‘As long as the environment is safe… I’d be willing to do it’: England bowler Mark Wood opens up on prospect of six Tests in eight weeks behind closed doors this summer… as he admits squad are ‘desperate to get going’
- England could play six Tests in eight weeks at the Ageas Bowl and Old Trafford
- Fast bowler Mark Wood would be keen to return to action as long as it’s safe
- The World Cup winner praised the ECB’s communication over the schedule
- With government approval, England could play the West Indies as early as July 8
England’s cricketers are ready to spend two months this summer in lockdown together so they can return to action in back to back Test series against West Indies and Pakistan.

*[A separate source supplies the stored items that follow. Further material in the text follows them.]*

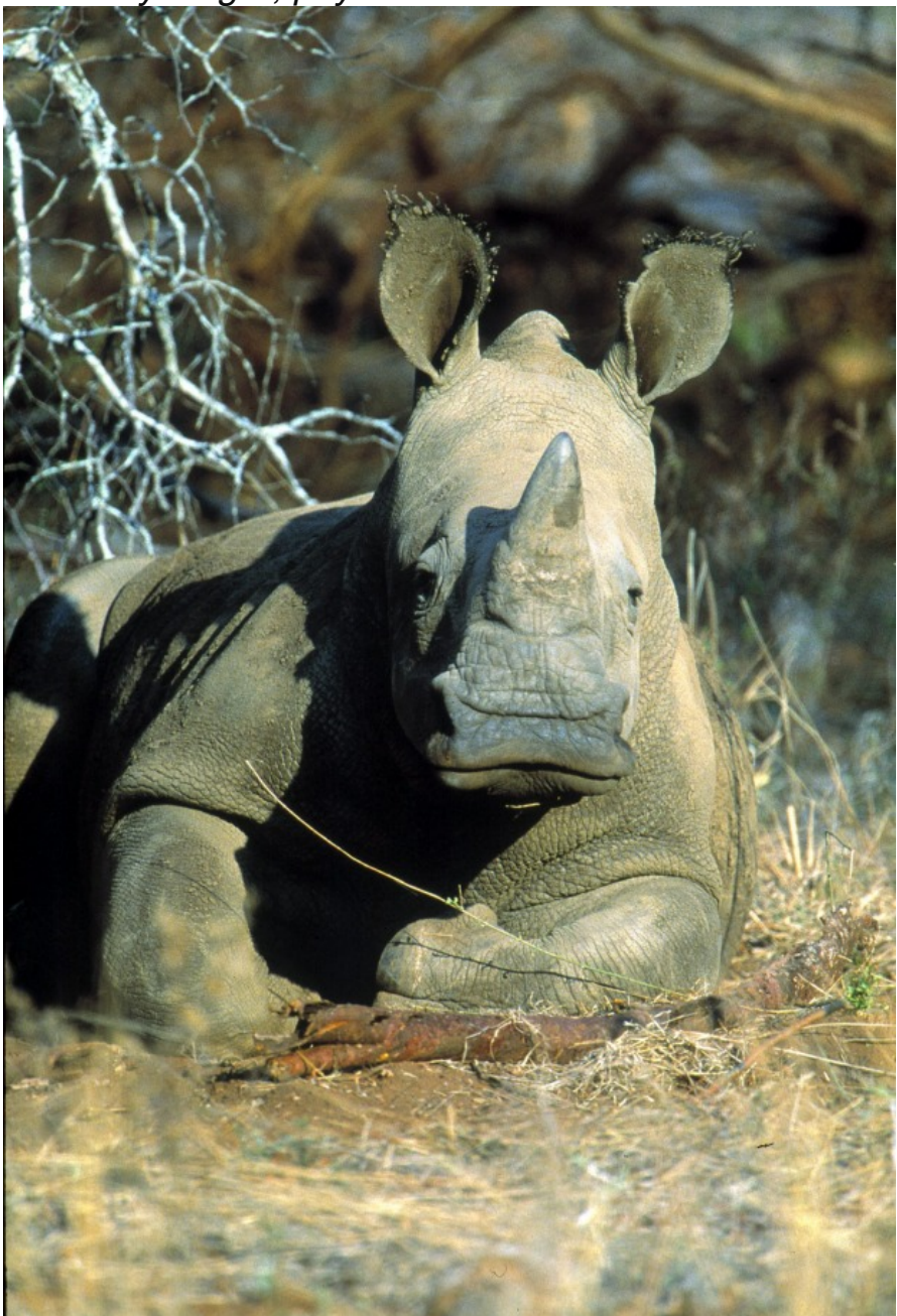
To prevent poaching, Rhinos Without Borders are relocating 100 rhinos from South Africa to Botswana.

Abercrombie & Kent are also in deal mode: book their 10-day luxury Out of Africa journey (priced from $18,640 per person) and receive a free hot-air balloon ride over the Maasai Mara and an extra night free at Angama Mara. Meanwhile, Sanctuary Retreats' flagship Chief's Camp property in Botswana – refurbished last year – also has "stay longer, pay less" deals.
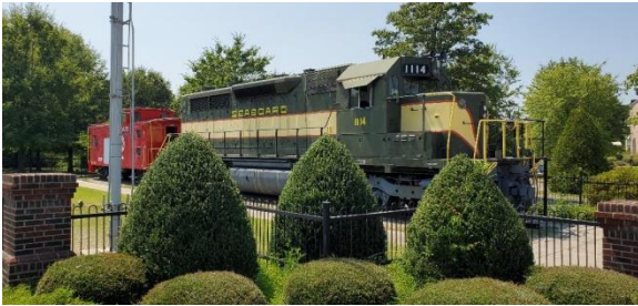
Seaboard diesel 1114 on static display adjacent to the Tornado Building (photo by Ted Kunstling).
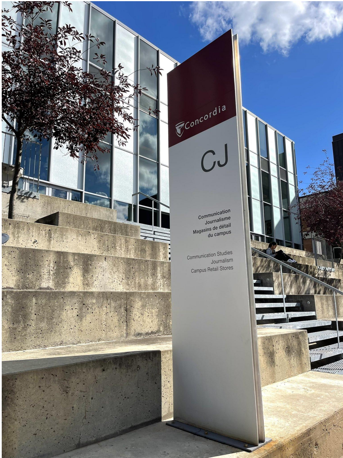
Department of Journalism Concordia University 2023-2024
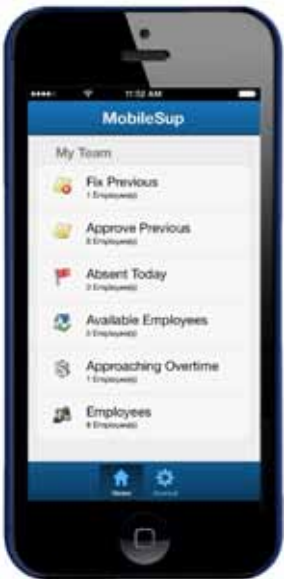
My Team: Supervisors can display their team and perform group-related functions.

The My Team area can filter and display lists of employees available to work, previous period time cards needing approvals, approaching overtime and so on. My Team provides group functions such as:

Even though some Premier League footballers have expressed concerns about ‘Project Restart’, there are fewer reservations within an England team who are prepared to play six Tests in eight weeks behind closed doors at the Ageas Bowl and Emirates Old Trafford.
Mark Wood, the England fast bowler who has produced the best form of his career over the last year or so in both red and white-ball cricket, says the players have ‘asked good questions’ about the safety of returning in July and have been given ‘good answers’.
England fast bowler Mark Wood admits the summer stint ‘would be hard’ but he is keen to play
England hope to play six Tests at only two venues with Old Trafford (pictured) deemed suitable
So, even though they would need government approval as well as clearance for West Indies and Pakistan to travel, England are set to fulfil the provisional schedule revealed in Sportsmail on Monday that sees the first Test beginning in Southampton on July 8.
‘I think everybody in the squad, as long as the conditions are right, would be willing to come back and play some cricket,’ said Wood on an ECB conference call.
‘We’re desperate to get going. I know it would be a long stint and it would be hard but it would be good to get back out there.’
The plan, which was put to the players by team director Ashley Giles and ECB head of medicine Nick Peirce, would see an enlarged England squad, possibly as big as 30 players, gathering at the Ageas Bowl towards the end of June for practice and a warm-up game between the squad before the first Test.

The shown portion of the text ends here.